----- Records for the task

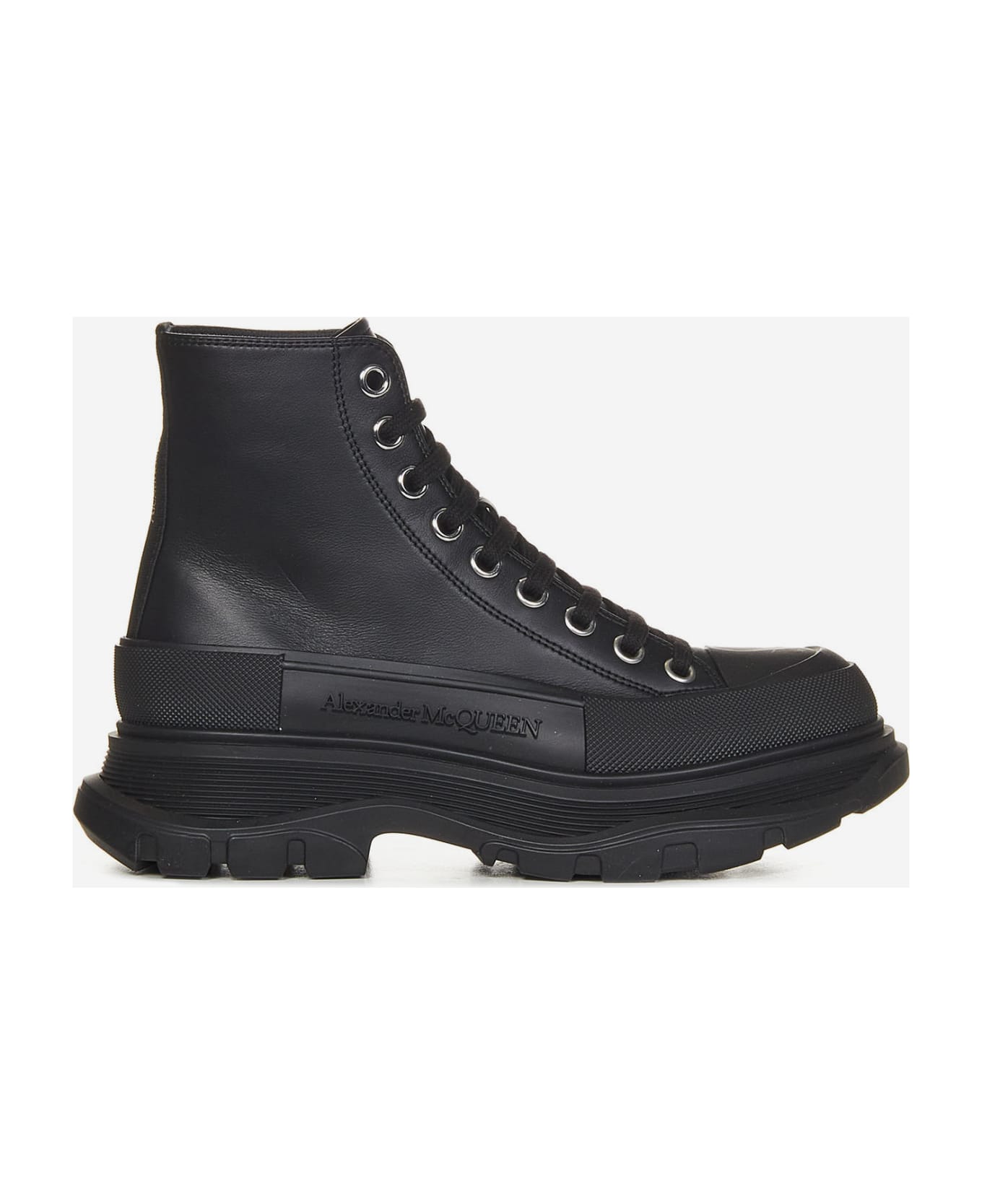 Textured rubber wrap at the upper base with tone-on-tone embossed Alexander McQueen signature
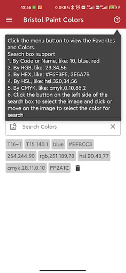 1. Support searching color by code, name, RGB, HEX, HSL, CMYK
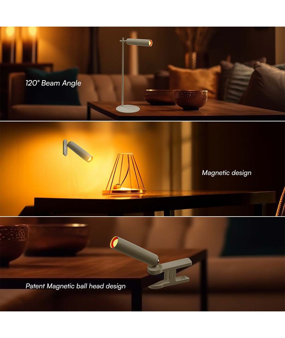 Den magnetiska basen gör det enkelt att placera lampan stabilt på olika ytor, och den kompakta designen gör den lätt att flytta och justera efter behov. Idealisk för skrivbord, filtarbete, eller som läslampa.
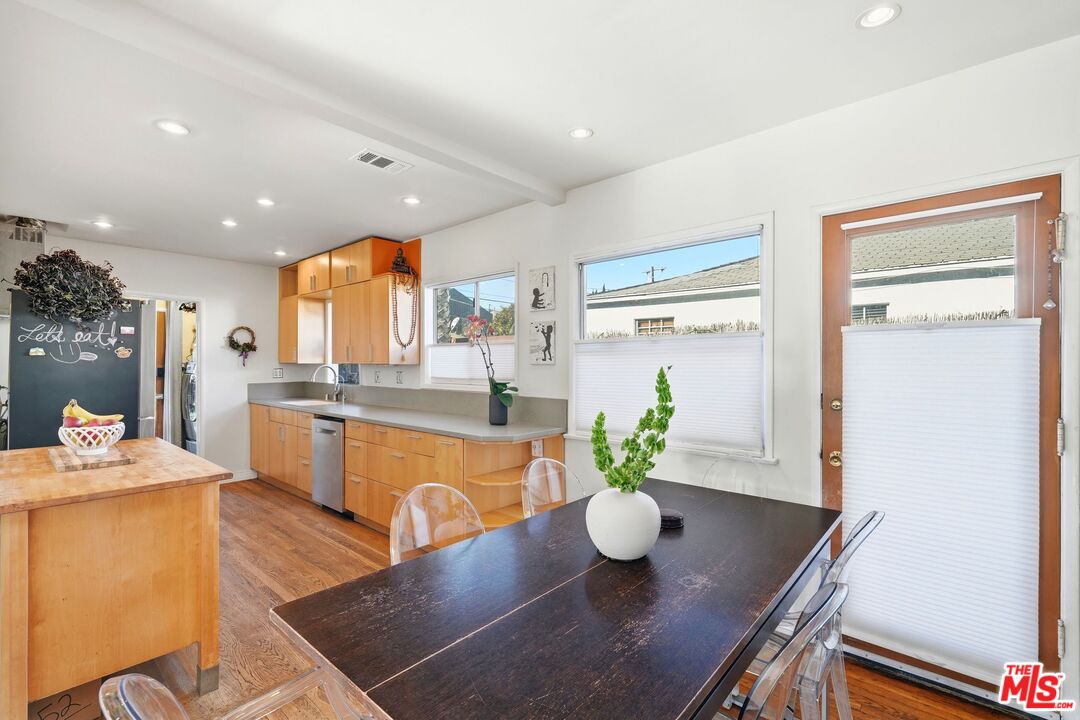 WELCOME TO THE JUNGALOW! First time on the market since 1997, this one-of-a-kind ZEN beachinspired compound is a rare find anywhere! Especially adjacent to Marina Del Rey, one of LA's most desirable neighborhoods. You don't come across this sense of privacy, spaciousness, community, and soulful indoor-outdoor living everyday. The home (on a southern facing corner lot) retains its original hardwood floors while blending seamlessly with thoughtful modern upgrades: sky lights, solar tubes, recessed lighting, central A/C and heating, upgraded electrical, new main gas line, newer roof (2007), tankless water heaters, and a Nest thermostat. The bathrooms have all been upgraded, including a primary bathroom with a built-in jacuzzi tub, creating a spa-like retreat. The den/play room is equipped with a sleeping loft and french doors which open to the back yard. The upgraded kitchen opens beautifully to the outdoors, while a wraparound backyard deck and eco-friendly artificial turf (green year-round and perfect for kids and pets) make entertaining and everyday living a joy.Designed in a horseshoe layout, the multiple structures maximize usable outdoor space and create an effortless flow between the home, backyard, and all additional living areas, an absolute epitome of indoor/outdoor Westside living. The outdoor spaces are nothing short of magical. A large open-air living room (with a living roof), lovingly referred to as "The Dojo", features a working fireplace, electricity, and overhead pendant lighting. Inspired by Southeast Asian pagodas and Central American palapas, it was thoughtfully built in 2004 to withstand SoCal winters and has never been affected by rain.Adding incredible flexibility are two detached structures: An outside studio with soaring ceilings, large closets and additional storage, skylight, and expansive Milgard glass windows and sliding doors, ideal for creative work, fitness, or quiet retreat. AND a full guest house/ADU complete with kitchenette, living room, spacious primary bedroom, bathroom with walk-in shower, its own tankless water heater, and wide pocket doors designed for wheelchair access and adaptive lifestyles.The lush front yard features decomposed granite, pavers, mature fruit trees and vines, and raised vegetable beds, with all-day southern-facing light, makes this a gardener's paradise. Another perk is the permit-only street parking which enhances peace of mind and guest parking.Perfectly positioned, the neighborhood is known for its wonderful neighbors, strong sense of community, schools and safety. It is moments away from parks, dining, grocery and health food stores, movie theaters, and elementary, middle, and high schools, a rare convenience for families. AND when the ocean calls, it's an easy and quick trip to the beach for sunset.This is not just a home, it's a lifestyle compound that blends a global sensibility, privacy, sustainability, and community in one of Los Angeles' most sought-after neighborhoods.
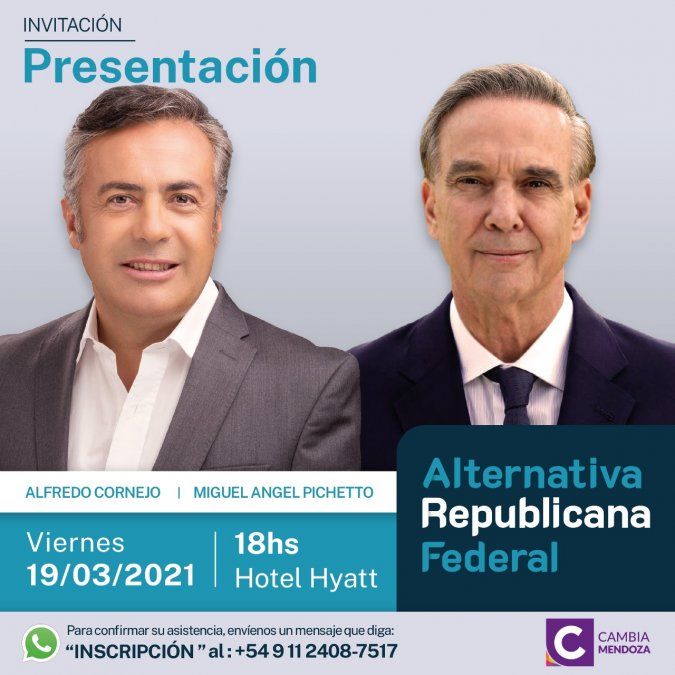 Eso explica que dentro de su agenda en Mendoza, los organizadores de la visita de Pichetto convoquen también a una reunión que se hará el mismo viernes a la tarde en el hotel Hyatt, a las 18, de la cual participará el diputado nacional y presidente de la UCR, Alfredo Cornejo.

----------

**Exercise goal**
Copy every line exactly, from the opening line of the entries down to the line holding "Den magnetiska basen", and keep the pictures out.

**Solution**
 Textured rubber wrap at the upper base with tone-on-tone embossed Alexander McQueen signature
 1. Support searching color by code, name, RGB, HEX, HSL, CMYK
 Den magnetiska basen gör det enkelt att placera lampan stabilt på olika ytor, och den kompakta designen gör den lätt att flytta och justera efter behov. Idealisk för skrivbord, filtarbete, eller som läslampa.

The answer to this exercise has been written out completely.